Percy Allan (12 July 1861 – 7 May 1930) was an Australian civil engineer who designed many public works in New South Wales, including the design of 583 bridges.

== Early life ==
Allan was the son of Maxwell Rennie Allan, principal Under-Secretary of State for New South Wales, and was born in Elizabeth Street, Sydney on 12 July 1861. He was educated at Calder House, Redfern, and joined the government Works Department in 1878 as a cadet.

== Career ==
Between 1893 and 1896, he designed 349 bridges and punts in New South Wales, and between 1896 and 1899 he designed a further 126 bridges including the Pyrmont Bridge and the Glebe Island Bridge.

In 1900, he was appointed Principal Assistant Engineer for Rivers, Water Supply and Drainage, and supervised the completion of the Sydney low level sewerage system, which was a pumping system to replace harbour sewage outfalls.
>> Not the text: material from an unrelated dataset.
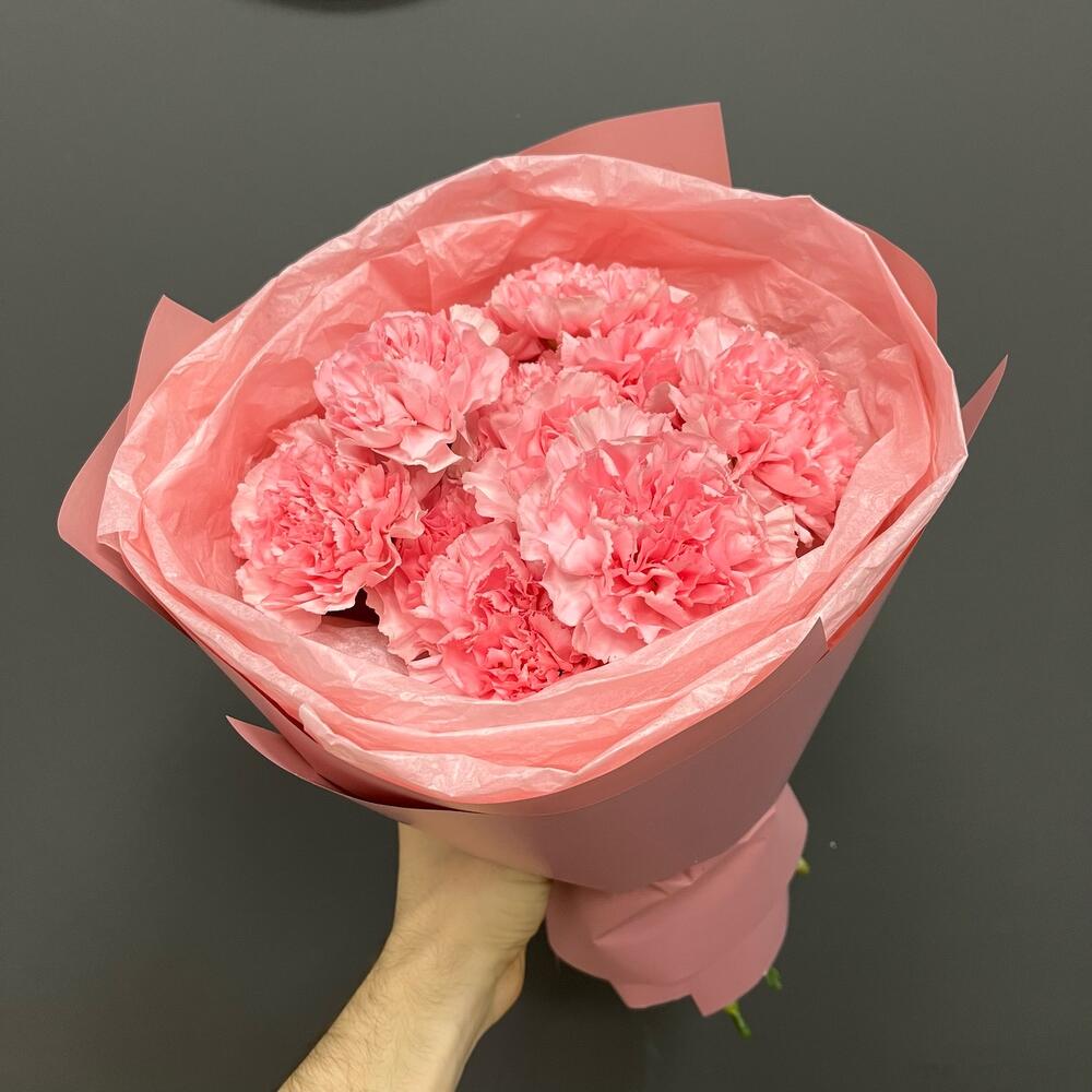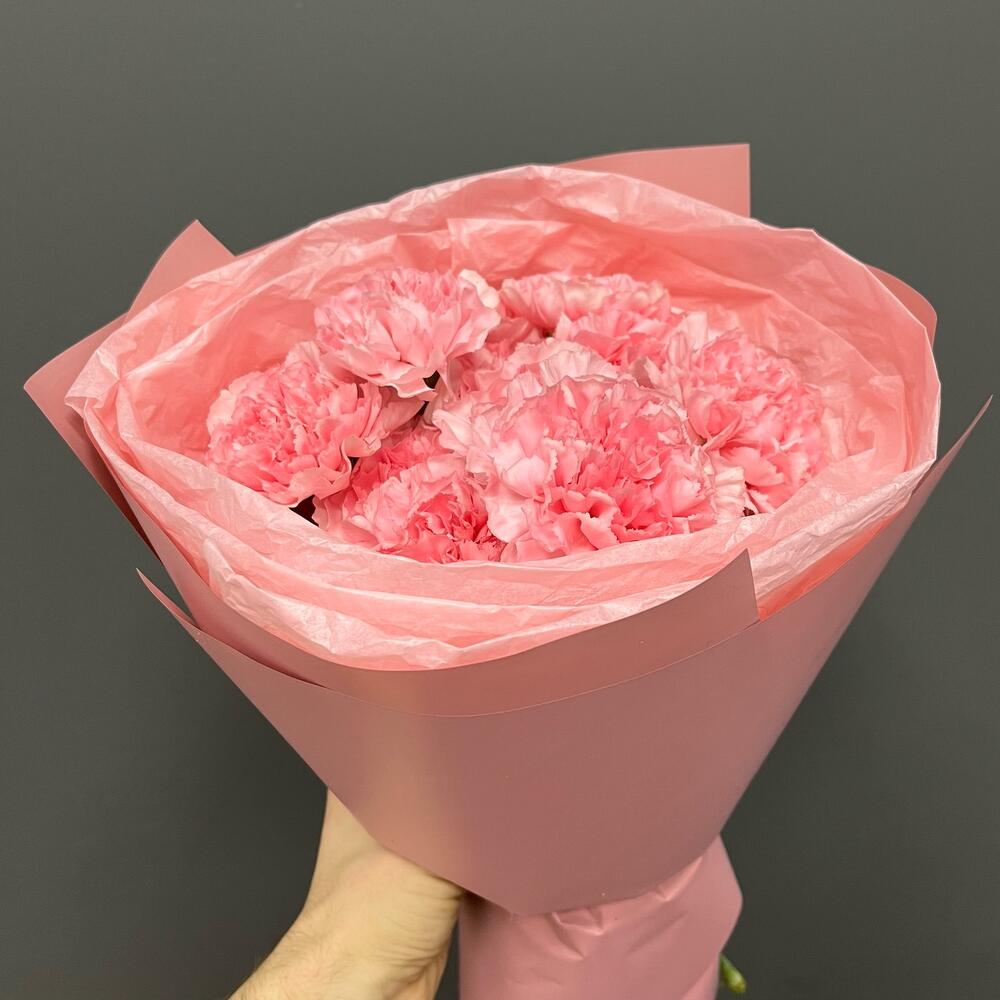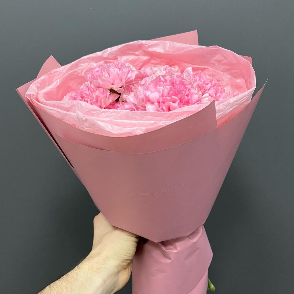 Лента атласная – 1 шт.Упаковка корейская пленка – 1 шт.диантус одноголовый розовый – 13 шт.тишью нежно-розовое – 1 шт.

Following this he was appointed to the Hunter District Water Supply and Sewerage Board. He returned to the Public Works Department in 1912, and had overall design responsibility for the steel Pratt trusstype Tom Uglys Bridge over the Georges River. He is also credited with designing his own type of Truss Bridge, the Allan Truss.

He was awarded a Telford Premium by the Institution of Civil Engineers for a paper on port improvements in Newcastle, including excavation of the channel and extension of the breakwater.

== Retirement and death ==
Allan retired from the public service in March 1926; and died suddenly at his home in Darlinghurst on 7 May 1930. He was survived by his wife and two sons.